The exhibition begins Feb. 23 and continues through March 16. A special end-of-exhibition reception will be held on Wednesday, March 15, 5-7 p.m. The artists will also show slides and discuss their work in a series of artist talks. The talks will take place at 2:15 p.m. in the gallery on the following dates: Gallagher: Thursday, March 2; Hsueh: Tuesday, March 7; Wylde: Wednesday, March 8; Herhusky: Monday, March 13; Kuiper: Tuesday, March 14; Masami Toku: Wednesday, March 15.

The two artists recently returned from sabbatical are Jean Gallagher and James Kuiper. Gallagher, whose emphasis is installation and painting, has been at CSU, Chico since 1990 and received her doctor of arts from New York University in 1993. Most recently, her multimedia piece “Moondial” was acquired by the Redding Museum, and she has been working on “Stations,” a series of paintings about rare and endangered pre-Polynesian plants, for Gallery Iolani in Hawaii.

Kuiper, whose abstract landscapes have been shown in hundreds of venues over the past twenty years, received his MFA from Michigan State in 1976 and has been at CSU, Chico since 1990. He has most recently been working and exhibiting in Alaska and Spain.

The four new tenure-track artists are Robert Herhusky, Wei Hsueh, Masami Toku, and Nanette Wylde. Herhusky, a sculptor, has been at CSU, Chico since 1986 and received his MFA from the California College of Arts and Crafts in 1985. His primary media are cast glass and wood, and his art of late reflects his interest in the “shameless destruction of the temperate rain forest of the North American continent.”

Art

Hsueh received her MFA from Syracuse University in 1999 and works with multiple media.
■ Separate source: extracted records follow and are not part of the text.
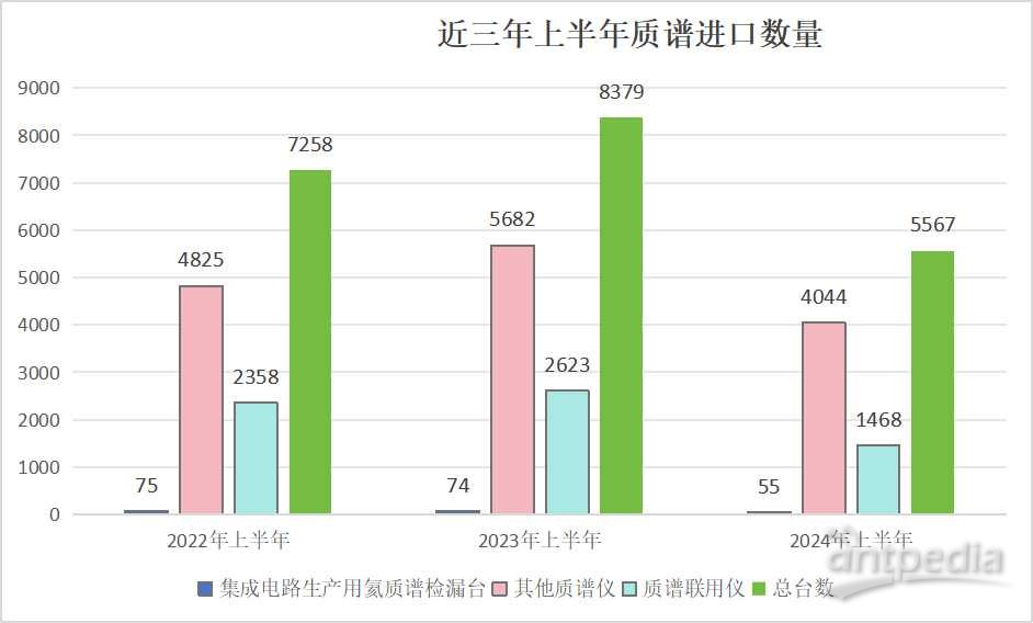 1. 集成電路生產用氦質譜檢漏臺:數量從2022年的75臺逐年下降至2024年的55臺,顯示出這一特定類型的質譜儀需求有所減少。
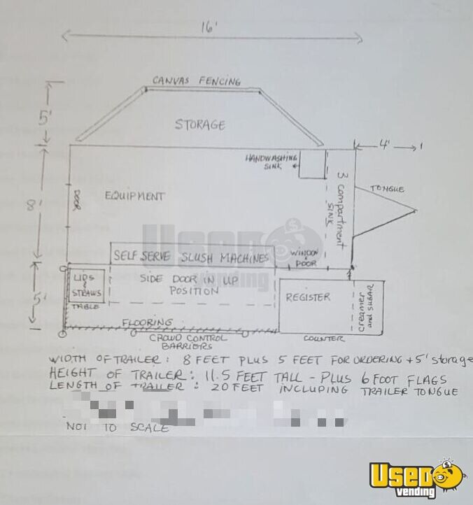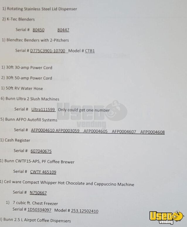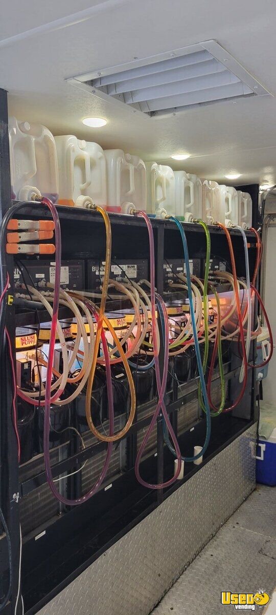 The trailer's interior was installed in 2010 and stands 6'8" high. The ceiling and some walls have been redone and this unit has a new wrap. The 5 machines can have up to 10 flavors.
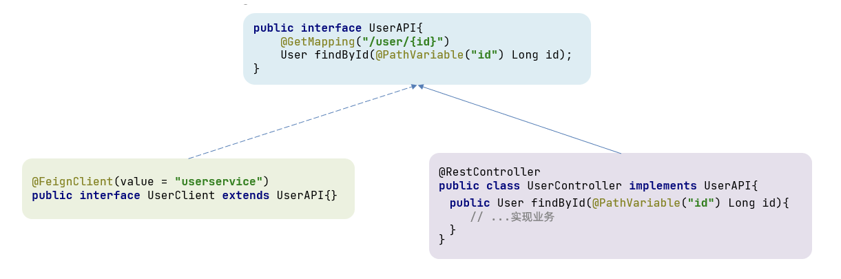 package cn.itcast.order.client;import cn.itcast.order.pojo.User;import org.springframework.cloud.openfeign.FeignClient;import org.springframework.web.bind.annotation.GetMapping;import org.springframework.web.bind.annotation.PathVariable;@FeignClient("userservice")public interface UserClient {@GetMapping("/user/{id}")User findById(@PathVariable("id") Long id);}
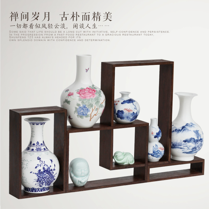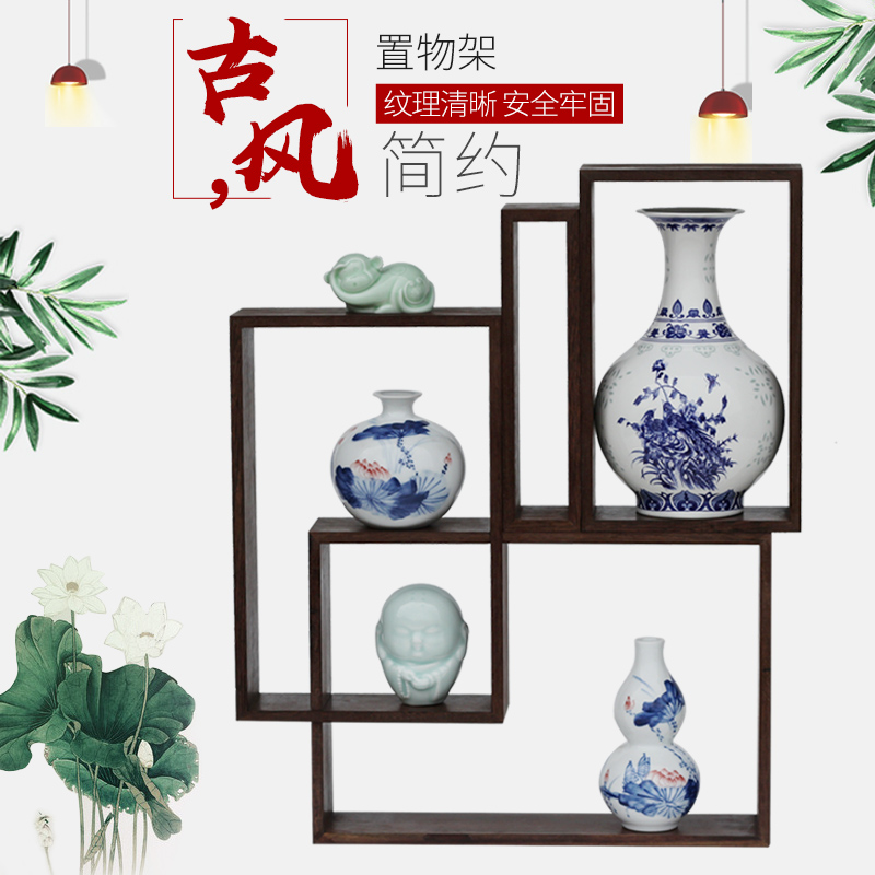 创意DIY榫卯 鸡翅木红木实木 博古架展示架多宝架花瓶紫砂茶具架

Her sculpture/photography installations are concerned with social categories, sexuality, and eroticism. She draws parallels between “the act of calligraphic writing and social/political construction,” both of which “signify and mean nothing.”

Toku received her Doctorate in Education from the University of Illinois, Urbana-Champaign in 1998. With a background in water color and art education, she is interested in the inescapable aspects of human nature, called Goh in Japanese.

Wylde has been at Chico State since 1998 and received her MFA from Ohio State. Her digital work is informed as much by conceptual art as by electronic media.

The exhibition, reception and gallery talks are free and open to the public. The gallery is located in Alva Taylor Hall, California State University, Chico, at First Street between Salem and Normal Streets. Regular gallery hours are Monday through Friday, 10 a.m. to 4 p.m. and Sunday from noon to 4 p.m.